Characterizing the molecular details describing how H-REV107 binds KRAS G12V is essential to understanding the molecular mechanism through which H-REV107 inhibits oncogenic KRAS mutants. It is known that the H-REV107 protein family can inhibit the RAS signaling pathway, but the molecular mechanism responsible for this is unknown. In this study, we investigated the direct interaction between KRAS and H-REV107 protein/peptide. In surface plasmon resonance (SPR), immobilized KRAS mutants (G12V and G12D) and H-REV107 protein/peptide showed strong binding affinity. Guanine nucleotide binding was regulated by the H-REV107 peptide, and the binding of H-REV107 peptide to KRAS mutants showed decreased GTP binding affinity of KRAS mutants. Notably, both KRAS G12V and G12D were sensitive to H-REV107 peptide, while H-REV107 peptide blocked GTP binding to the KRAS mutants. Treatment with the H-REV107 peptide effectively inhibited pancreatic cancer and colon cancer cell lines in cell proliferation assay by inducing apoptosis. Compared to small inhibitor compounds, the working concentration of cellular activity of peptides is usually higher. We plan to further experiment by modifying the peptide in the future in order to improve the potency, and to include control peptides that have reduced RAS binding. Moreover, we found that the H-REV107 peptide downregulated the phosphorylation of the MEK/ERK signaling pathways. Specially, the H-REV107 peptide suppressed pancreatic tumor growth by reduction of tumor volume and weight in xenotransplantation mouse models.

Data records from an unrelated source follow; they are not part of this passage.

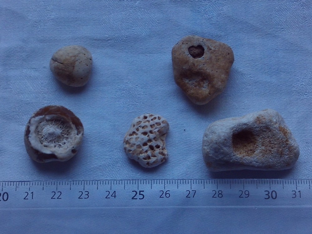 Voici quelques photos de différents silex trouvés après creusement par les gamins et avant le ramassage par les agent de la municipalité. Une molette (?), des silex grossiers probablement amenés et des éponges et des coraux provenant du niveau inférieur. Evidemment au vu du marnage et des touristes impossible de faire une coupe "stratigraphique", mais l'érosion naturelle et enfantine de la plage pourrait sans doute découvrir de belles découvertes. -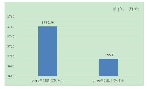 2019 年度收入合計 3760.56 萬元,其中:財政撥款收入 3674.17萬元,占 97.7%,事業收入:72.4萬元,占1.93%,其他收入:13.99萬元,占:0.37%,政府性基金預算財政撥款0萬元。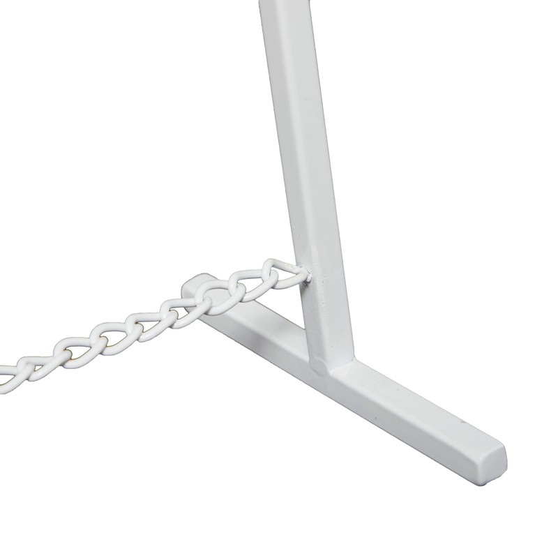 - WHITE MATTE FINISH White easel with an iron frame, clean lines, simple angled feet, and white chain

On the basis of the information obtained from these studies, we investigated the structural aspects of KRAS G12V and H-REV107 interaction and determined the crystal structure of H-REV107 peptide-bound KRAS G12V in the MgGDP state at a resolution of 2.3 Å. In the present study, the H-REV107 peptide was strongly docking in close proximity to the switch I and II binding pockets, and near the P-loop of KRAS G12V. Seven residues (L65-D67, G70, and D72-Y74) of the H-REV107 peptide bound to KRAS G12V and four residues (L65 and D72-Y74) of the H-REV107 peptide interacted with KRAS G12V, G13, and Q61. The H-REV107 peptide interacted with the residues on the P-loop (G12, G13, and S17), switch I (D33, P34, and T35), switch II (A59 and Q61) and N85 of KRAS G12V. In addition, hydroxyl groups of residues S17 and T58 interacted with Mg²⁺ ion and residues G13, V29, and D30 of the P-loop, while the switch I regions interacted with N116 and D119 of the conserved NKXD motif and were found to be important for binding to the guanosine moiety of the GDP (Figure 6B–H).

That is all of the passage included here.